In the middle of Magic Mike XXL, Richie (Joe Manganiello) is self-actualizing in a gas station parking lot. “I’m not a fucking fireman. I’m a male entertainer.”
Richie is realizing that he is not just his tacky fireman costumes. He is not just a single dude struggling to find love because his penis is so unfathomably large. He is a man who has found his calling. He’s a fucking male entertainer, and he is finally delighted to be so, thanks to the brotherly assistance of his merry band of male strippers pals.

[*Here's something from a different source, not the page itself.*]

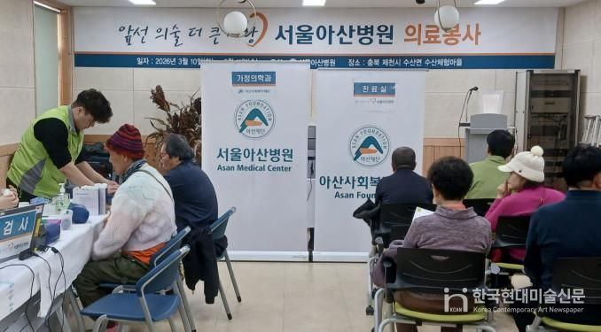한국현대미술신문 신정은 기자 | 제천시 수산면 ‘수산체험마을’ 1층에서는 수산면 주민자치위원회 주관으로 서울아산병원 의료봉사팀의 이동병원 진료가 진행돼 지역 주민들에게 따뜻한 온기를 전했다.

Whenever I watch Magic Mike XXL, I feel painfully aware of what we have lost to the majority irony-poisoned, corporate, nearly monopolized modern cinema complex. I can think of little lately that drips with such unselfconscious earnestness, such sincere fantasy as Magic Mike XXL does.
In Magic Mike XXL, we are offered a glimpse of utopia; a world where female pleasure reigns supreme, where kinda-dumb male strippers with hearts of gold don’t just provide, but love their job.
In the utopia that is Magic Mike XXL, sex workers of all forms are respected. They are not firefighters, they are not sailors. Do not disrespect them by calling them what they are not. They are thong-clad dancers. They are, as a sparkly eyed Matt Bomer and a fedora-d but shirtless Donald Glover, muse, potential healers. Men who listen, who observe your bodily desire, when maybe no one else does.
I feel I cannot describe the plot better than Mark Asch does in his transcendent himbo cinema analysis, “Good Boys”. Asch writes of Magic Mike XXL as “a feel-good musical about bros hugging out their differences, encouraging each other to follow their dreams, and caravanning across the South performing worshipful, uplifting routines for “goddesses.”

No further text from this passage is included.